* [Data excerpts]
_ _ _
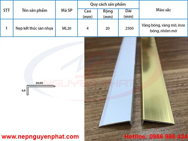 1.2. Thông số kỹ thuật của nẹp nhôm kết thúc sàn nhựa ML20
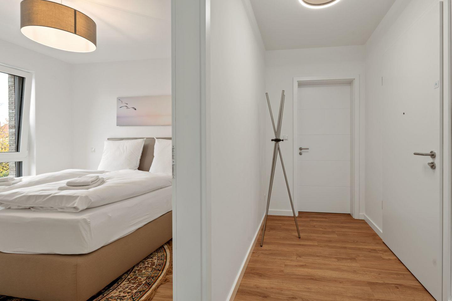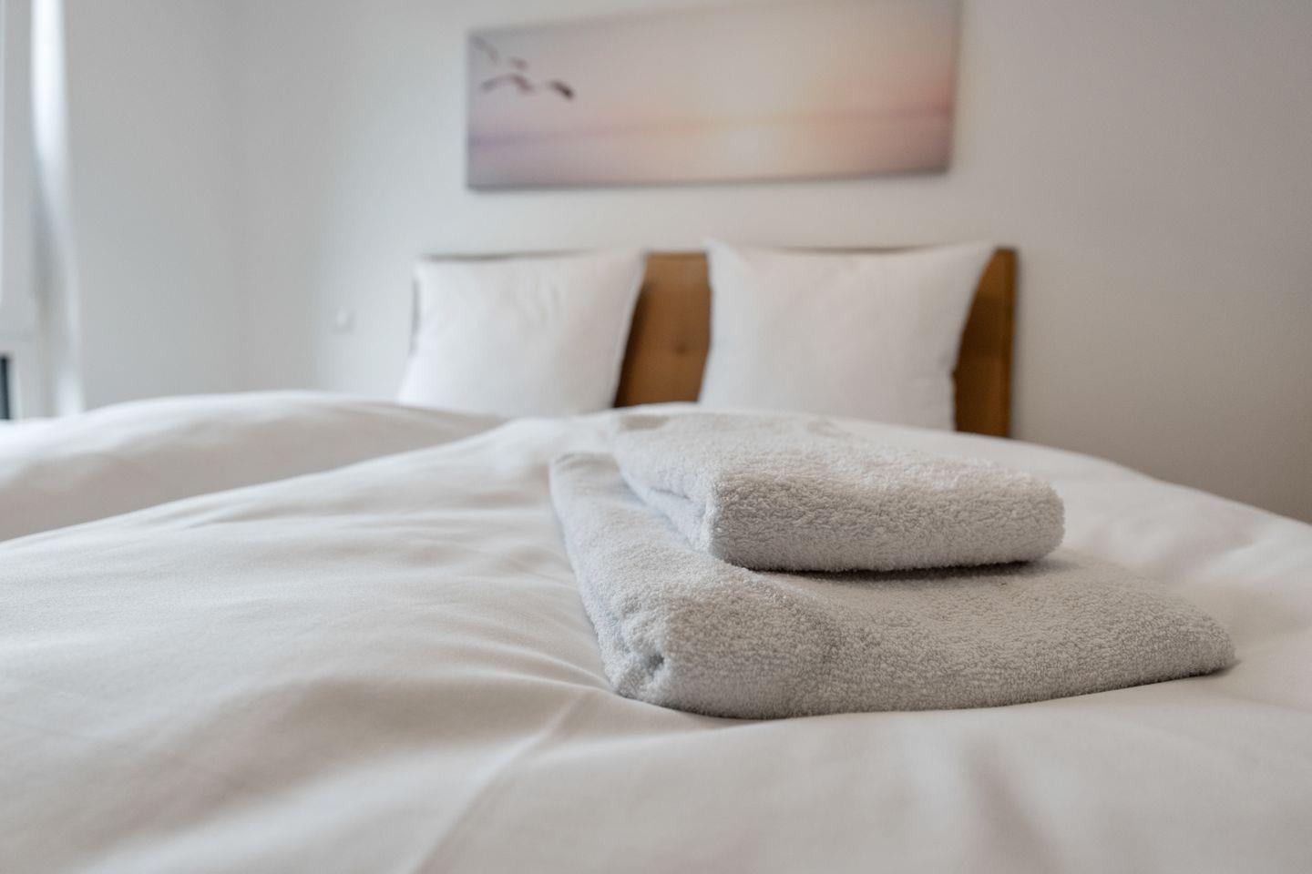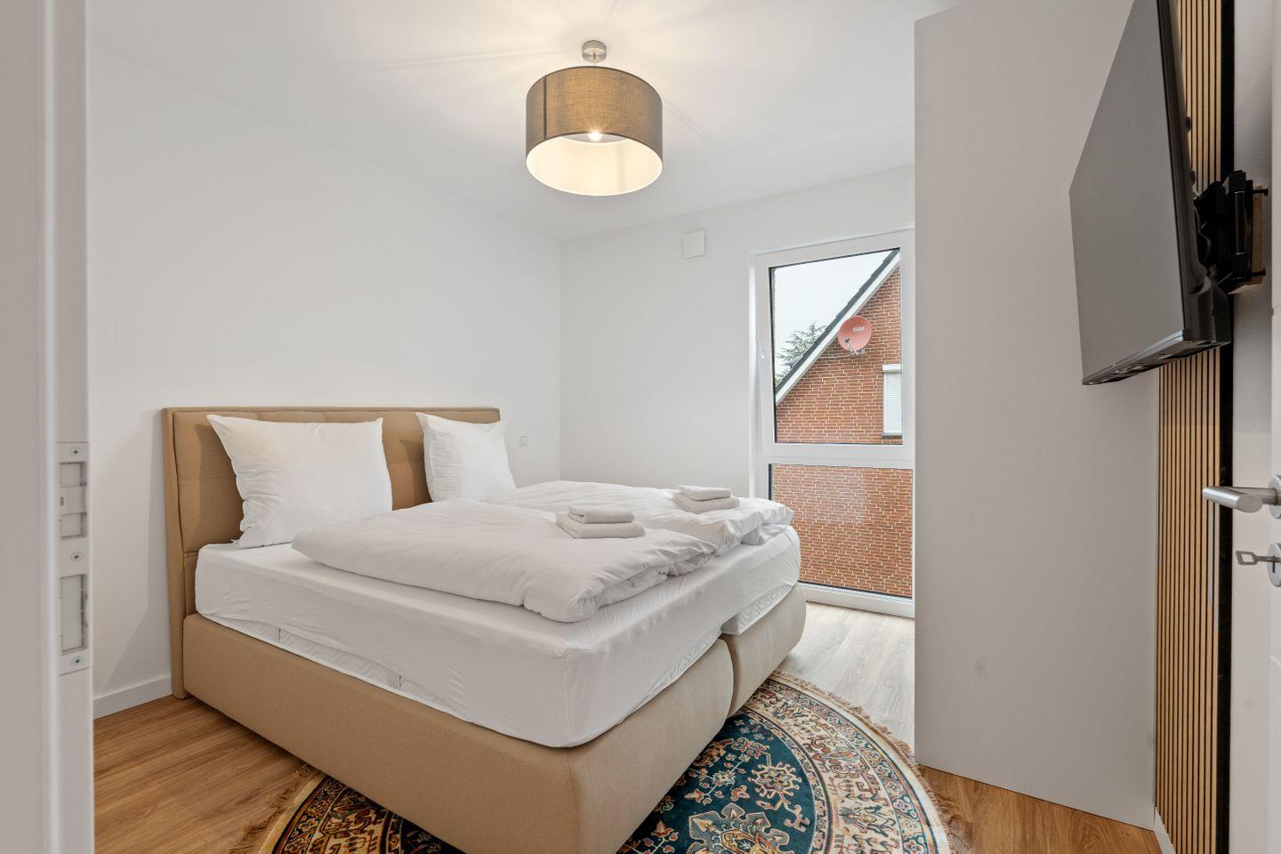 Die drei Schlafzimmer sind jeweils mit einem hochwertigen Boxspringbett für zwei Personen, einem weiteren TV-Gerät und einem geräumigen Kleiderschrank ausgestattet.
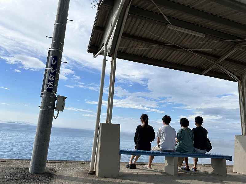 四国に上陸して、息子のリクエストの「下灘駅」に立ち寄りました。ここも有名な絶景スポットですね。千光寺より人がいっぱいでしたが、滞在時間は10分くらい。夕日を見て帰ってもよかったのですが、3時間は待てませんでした〜
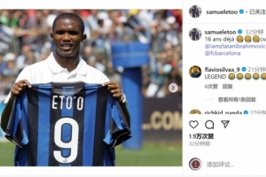 埃托奧社媒曬出自己與伊布當時互換東家的照片,配文:“16年前?!辈伊布、國米和巴薩。
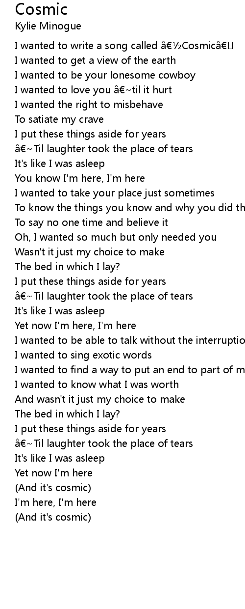 | I wanted to write a song called Cosmic | |
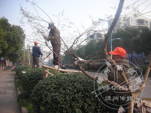 为进一步提高我市的绿化养护精细化管理水平,市园林管理处组织30多名养护人员对市区道路行道树、公园、绿地内树木进行了冬季定型、美容修剪,以确保树木正常生长。据园林管理处有关人员介绍,本月底前将基本完成市区所有树木的修剪工作。图为昨日上午,养护人员在官河路上给“蓬头乱发”的树木换新“发型”。
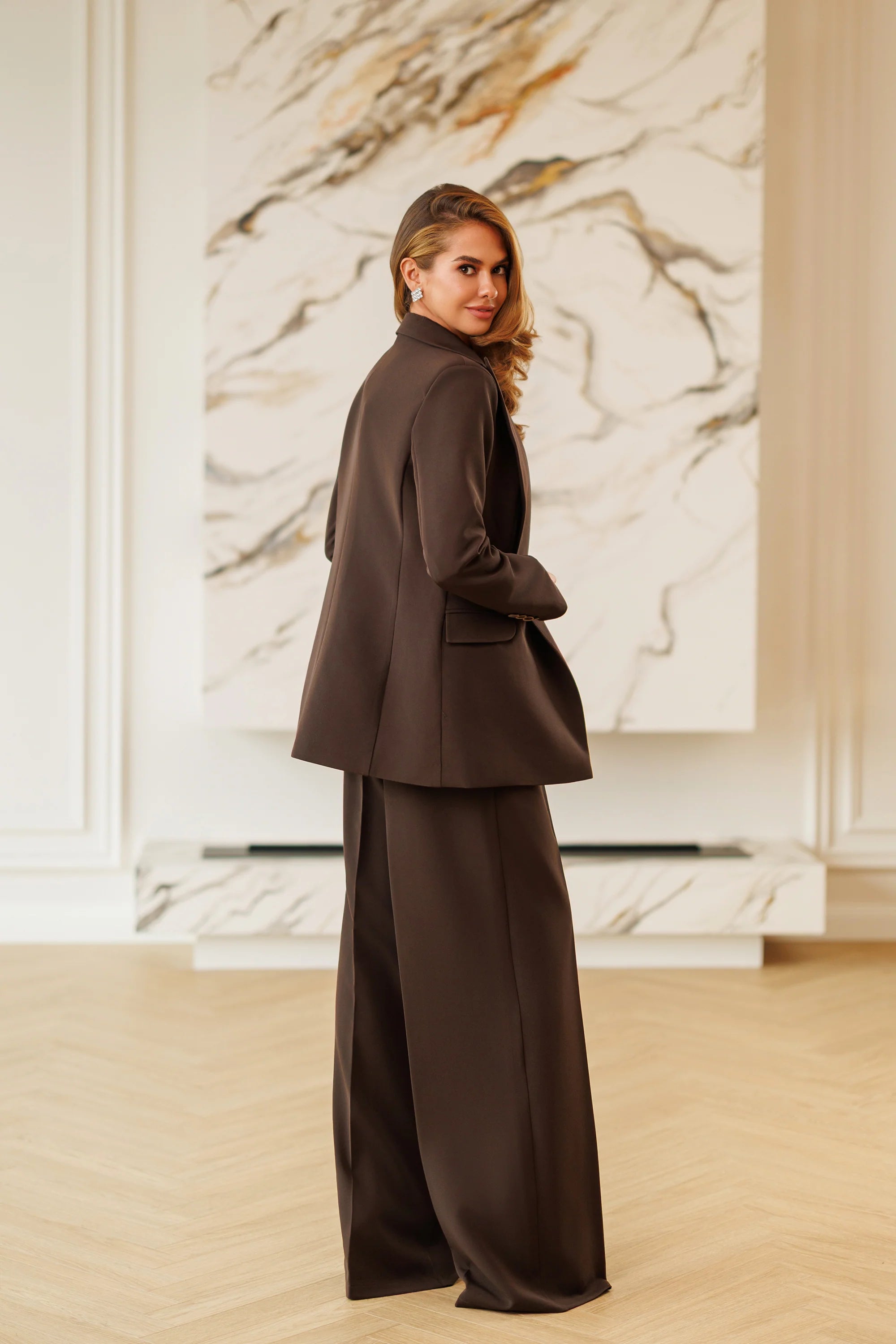Costum damă Maison Loulou, alcătuit din sacou cambrat cu croială dreaptă și pantaloni palazzo cu talie înaltă. O ținută modernă și rafinată, realizată în atelierul nostru, ce îmbină eleganța clasică cu feminitatea delicată a nuanței pastel. Ideal pentru evenimente, apariții business chic sau ocazii speciale.
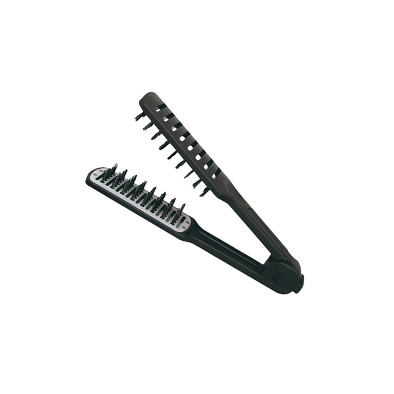 Cepillo Plancha Eurostil con puas de Jabali. Su cuerpo con ranuras permite utilizarlo con secador. Tambien como guia en uso con plancha facilitando el trabajo. Con bloqueo de apertura de la pinza.
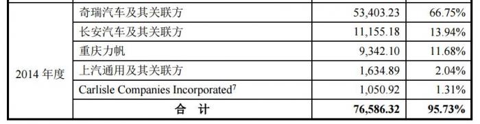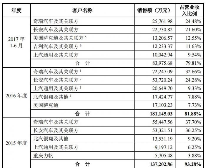 伯特利2014年至2017年上半年,前五名销售额合计分别为7.67亿元、13.72亿元、18.11亿元、8.40亿元,占公司当期营业收入的比例分别为95.73%、93.28%、81.88%、79.81%。尽管呈现下降趋势,但占比仍保持在80%左右。
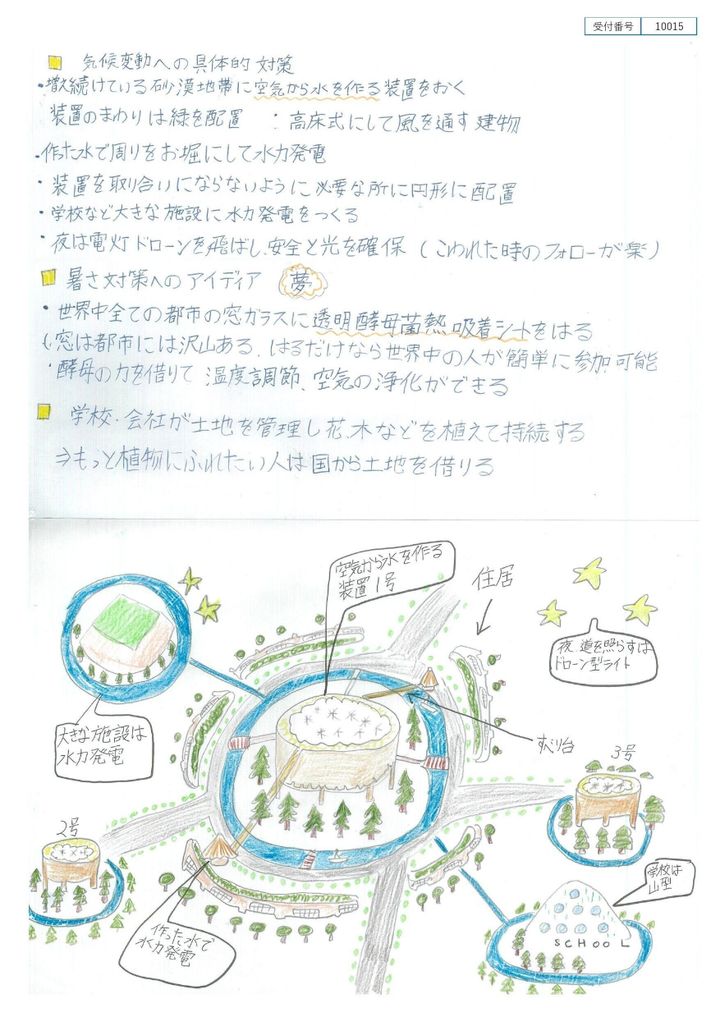 ひとつは、空気から水を作る装置を砂漠に設置して街をつくること。作った水では水力発電も行います。水を作る装置は取り合いにならないように平等に配置するという、SDGsの一つである平和と公正さも考慮されていました。
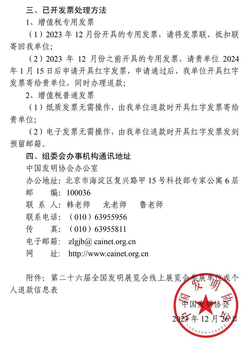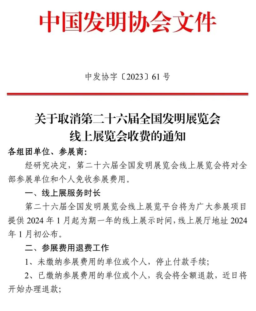 关于取消第二十六届全国发明展览会线上展览会收费的通知
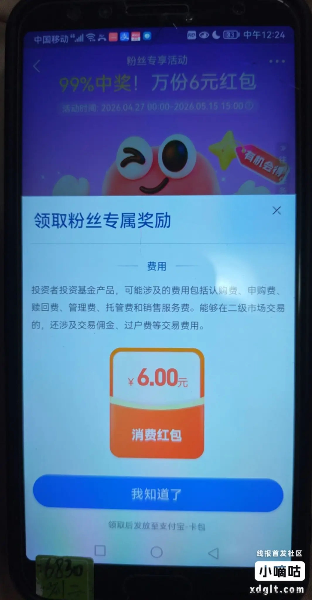 昨天跟我买了中欧基金10元的,现在速度去领6元支付通用红包,美滋滋,破百了。
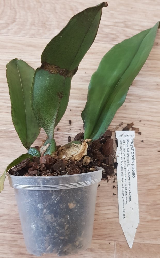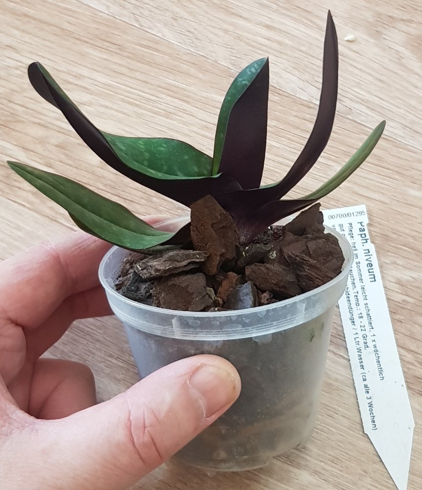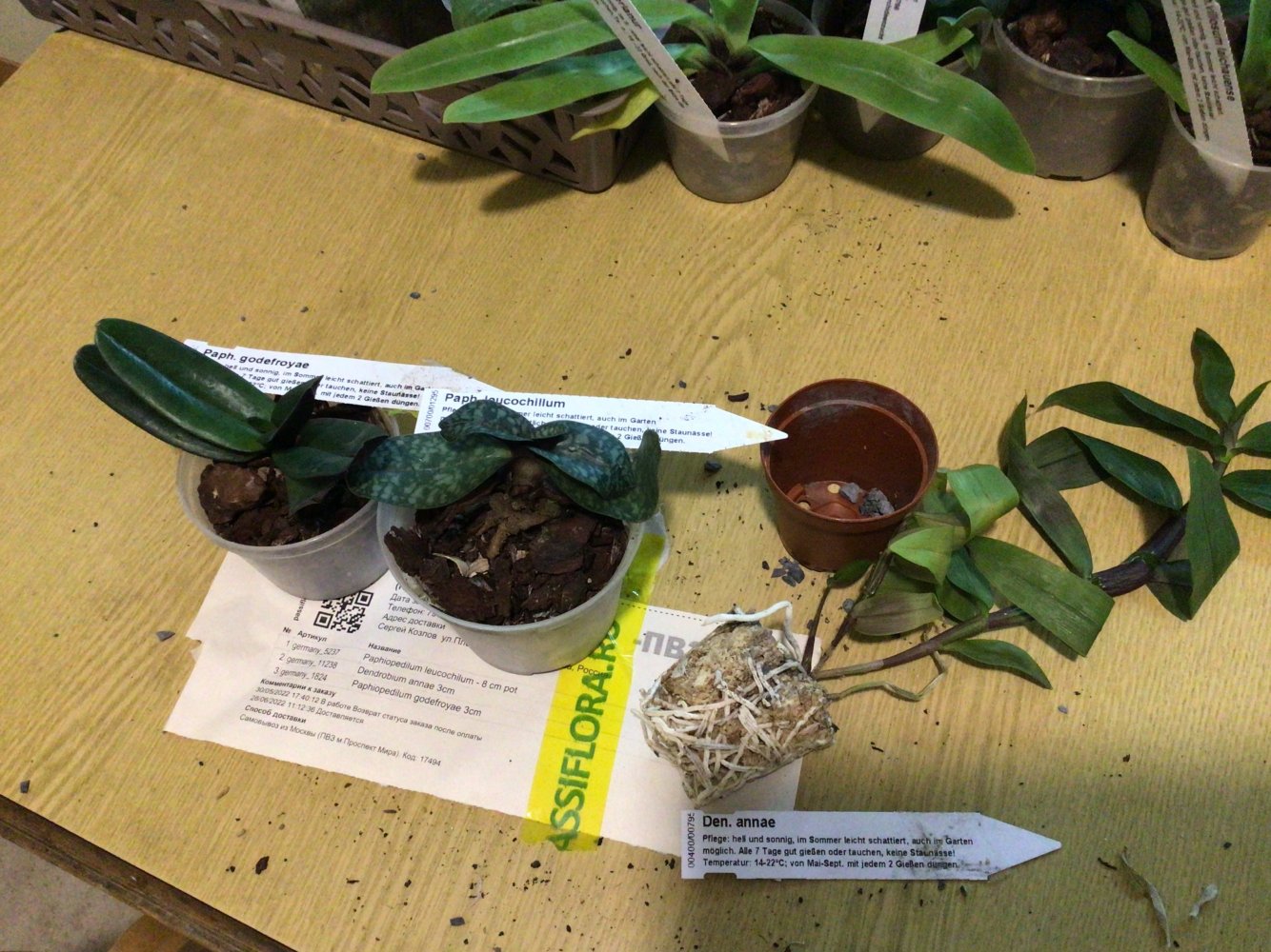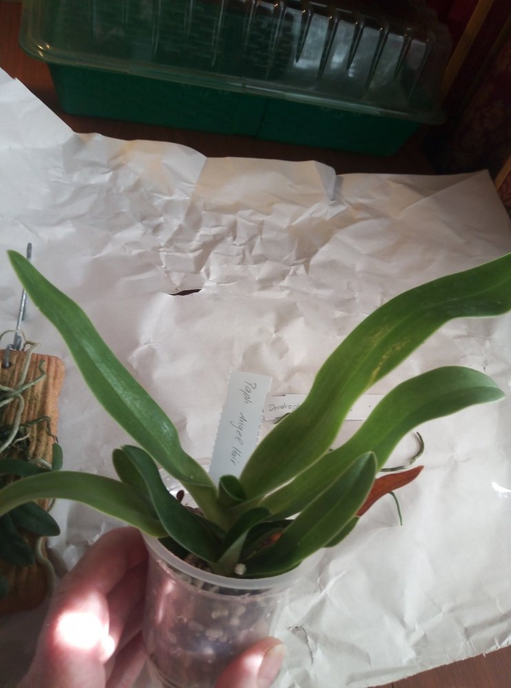 Paphiopedilum godefroyae вместо 3 см пришёл горшок 7 см с замечательным растением. Дендробиум Анны тоже чудесный, в горшочке снизу гравий (для устойчивости?), сверху сухой мох. Транспортировка в целлофановом пакете совсем на нем не сказалась. А вот Paphiopedilum leucochilum немного смущает: в горшке держится некрепко явно на 1 корне и новые листья сильно мельче прежних.
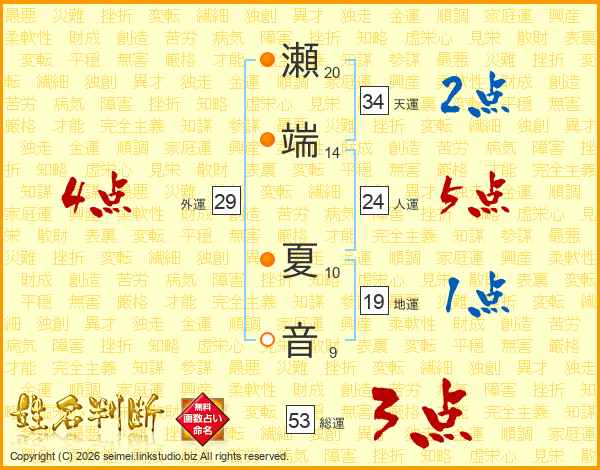 瀬端夏音さんの人運は24画の5点!
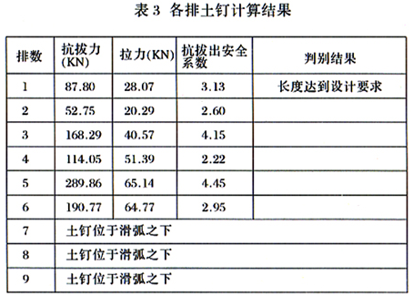 各排土钉的详细计算结果及选用的钢筋或钢绞线见表3。
_ _ _
* [What you have to do]
Start to finish, write out the data above exactly, omitting all pictures.

* [Problem solution]
 1.2. Thông số kỹ thuật của nẹp nhôm kết thúc sàn nhựa ML20
 Die drei Schlafzimmer sind jeweils mit einem hochwertigen Boxspringbett für zwei Personen, einem weiteren TV-Gerät und einem geräumigen Kleiderschrank ausgestattet.
 四国に上陸して、息子のリクエストの「下灘駅」に立ち寄りました。ここも有名な絶景スポットですね。千光寺より人がいっぱいでしたが、滞在時間は10分くらい。夕日を見て帰ってもよかったのですが、3時間は待てませんでした〜
 埃托奧社媒曬出自己與伊布當時互換東家的照片,配文:“16年前?!辈伊布、國米和巴薩。
 | I wanted to write a song called Cosmic | |
 为进一步提高我市的绿化养护精细化管理水平,市园林管理处组织30多名养护人员对市区道路行道树、公园、绿地内树木进行了冬季定型、美容修剪,以确保树木正常生长。据园林管理处有关人员介绍,本月底前将基本完成市区所有树木的修剪工作。图为昨日上午,养护人员在官河路上给“蓬头乱发”的树木换新“发型”。
Costum damă Maison Loulou, alcătuit din sacou cambrat cu croială dreaptă și pantaloni palazzo cu talie înaltă. O ținută modernă și rafinată, realizată în atelierul nostru, ce îmbină eleganța clasică cu feminitatea delicată a nuanței pastel. Ideal pentru evenimente, apariții business chic sau ocazii speciale.
 Cepillo Plancha Eurostil con puas de Jabali. Su cuerpo con ranuras permite utilizarlo con secador. Tambien como guia en uso con plancha facilitando el trabajo. Con bloqueo de apertura de la pinza.
 伯特利2014年至2017年上半年,前五名销售额合计分别为7.67亿元、13.72亿元、18.11亿元、8.40亿元,占公司当期营业收入的比例分别为95.73%、93.28%、81.88%、79.81%。尽管呈现下降趋势,但占比仍保持在80%左右。
 ひとつは、空気から水を作る装置を砂漠に設置して街をつくること。作った水では水力発電も行います。水を作る装置は取り合いにならないように平等に配置するという、SDGsの一つである平和と公正さも考慮されていました。
 关于取消第二十六届全国发明展览会线上展览会收费的通知
 昨天跟我买了中欧基金10元的,现在速度去领6元支付通用红包,美滋滋,破百了。
 Paphiopedilum godefroyae вместо 3 см пришёл горшок 7 см с замечательным растением. Дендробиум Анны тоже чудесный, в горшочке снизу гравий (для устойчивости?), сверху сухой мох. Транспортировка в целлофановом пакете совсем на нем не сказалась. А вот Paphiopedilum leucochilum немного смущает: в горшке держится некрепко явно на 1 корне и новые листья сильно мельче прежних.
 瀬端夏音さんの人運は24画の5点!
 各排土钉的详细计算结果及选用的钢筋或钢绞线见表3。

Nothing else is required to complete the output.